До этого они играли, как шахматисты по переписке, не видя глаз друг друга, и от хода до хода проходило много времени, что позволяло обдумать позицию, посоветоваться с секундантами, полистать соответствующую литературу. Какое-то время это было допустимо и даже удобно. Но последние месяцы и дни события в стране и в мире словно понеслись вскачь, цейтнот приближался с пугающей скоростью, и выбора не было. Либо встретиться и расставить все по своим местам, либо… Додумывать до конца не хотелось, а надо.
Либо все случится само собой. Как в 1914 году.
Премьер, как ни удивительно совпадение, тоже не раз и не два за последнее время обращался к событиям того рокового года и думал: «А вот если бы монархи и главы правительств демократических держав нашли в себе силы и до объявления войны встретились хоть на полдня на нейтральной территории для личной беседы? Поговорили, поторговались, высказали взаимные претензии, да просто соотношение сил и последствия прикинули… Как бы сейчас выглядел мир?
А вдруг сегодня та же самая ситуация и от результатов их с князем завтрака зависит не меньше? Господи, вразуми, дай сил…» — прошептал почти неверующий Каверзнев. И неожиданно для себя перекрестился. Некое чувство, на грани интуиции и суеверного страха, подсказывало, что разгорающийся за окнами день может стать воистину судьбоносным.

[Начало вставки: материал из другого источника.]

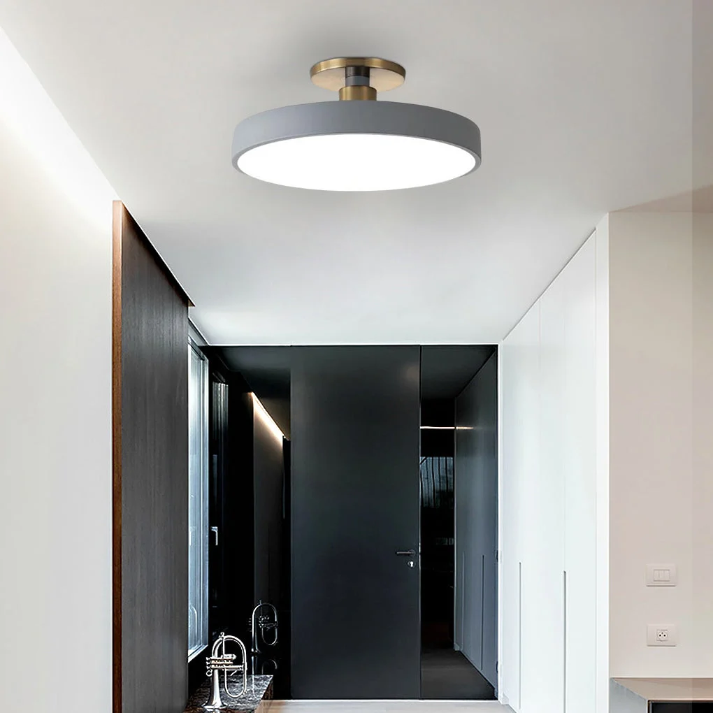 - Illuminate your home with this sleek and energy-efficient thick circular LED ceiling light. Designed with a minimalist Nordic aesthetic, this semi-flush mount light is ideal for creating a modern bright, sophisticated atmosphere. Unlike traditional halogen or incandescent lighting, this LED light consumes less energy, provides high brightness, and prevents flickering for a smooth, consistent glow.

— Владимир Дмитриевич, — звучный голос князя отвлек его от тревожных мыслей. — Что-то вы слишком задумались. Я уже давно за вами наблюдаю, а вы — ноль внимания… Прошу к столу.

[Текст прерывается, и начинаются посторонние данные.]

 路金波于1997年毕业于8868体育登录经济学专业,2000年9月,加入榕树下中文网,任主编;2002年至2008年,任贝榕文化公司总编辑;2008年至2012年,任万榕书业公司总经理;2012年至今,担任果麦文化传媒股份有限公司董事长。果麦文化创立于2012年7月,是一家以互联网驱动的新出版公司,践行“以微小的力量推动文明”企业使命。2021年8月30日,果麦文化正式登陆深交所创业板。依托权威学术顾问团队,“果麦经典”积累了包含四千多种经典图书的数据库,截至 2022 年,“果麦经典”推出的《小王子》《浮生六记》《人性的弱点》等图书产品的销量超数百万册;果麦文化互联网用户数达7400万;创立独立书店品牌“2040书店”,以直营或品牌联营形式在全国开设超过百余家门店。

— Ох, извините, Олег Константинович, действительно задумался. К вашим услугам. — Премьер бросил едва до половины докуренную сигару в цветочный горшок, не потрудившись поискать глазами урну или пепельницу. Похоже, это было сделано специально. Как ответный жест.
За несколько минут князь успел побриться и умыться с дороги, спрыснуться суховато пахнущим одеколоном, но переодеваться не стал, просто снял китель, оставшись в белой крахмальной рубашке с расстегнутым воротником. И повертел сапогами под щетками чистящей машинки, отчего они вновь сияли, как у юнкера на построении по случаю производства в офицерский чин.

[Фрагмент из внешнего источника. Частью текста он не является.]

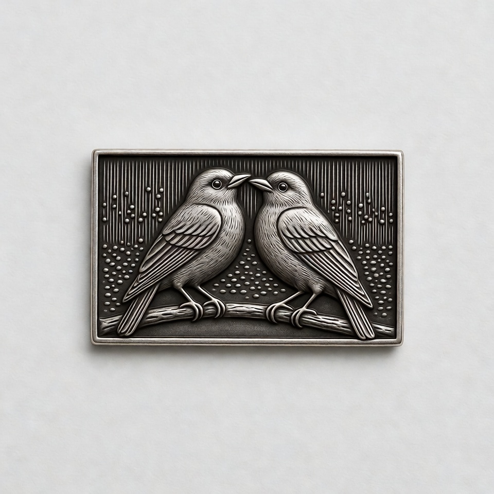 A detailed metallic engraving depicts two small birds facing each other closely on a thin branch. The birds have curved beaks touching and feathers textured with fine lines. The rectangular plaque features a textured background with dotted patterns.

Широким жестом указал премьеру на кресло у пиршественного стола, сам сел напротив.
— Начнем, пожалуй…
Пить водку в половину восьмого утра было Каверзневу не слишком привычно, однако какая в принципе разница? Что экстренное заседание кабинета с полуночи до полудня, что перелет через десять часовых поясов в самолете, когда вместо отдыха приходится заучивать наизусть тщательно подготовленные экспромты для пресс-конференции в Нью-Йорке или Канберре. Неизбежные издержки профессии. Так что данный вариант — даже лучше.
А Олег Константинович был совершенно в своей тарелке. Романовы с подобными застольями всегда были на короткой ноге.
И разговор почти сразу пошел впрямую, оставляя за кадром положенные дипломатические обороты речи.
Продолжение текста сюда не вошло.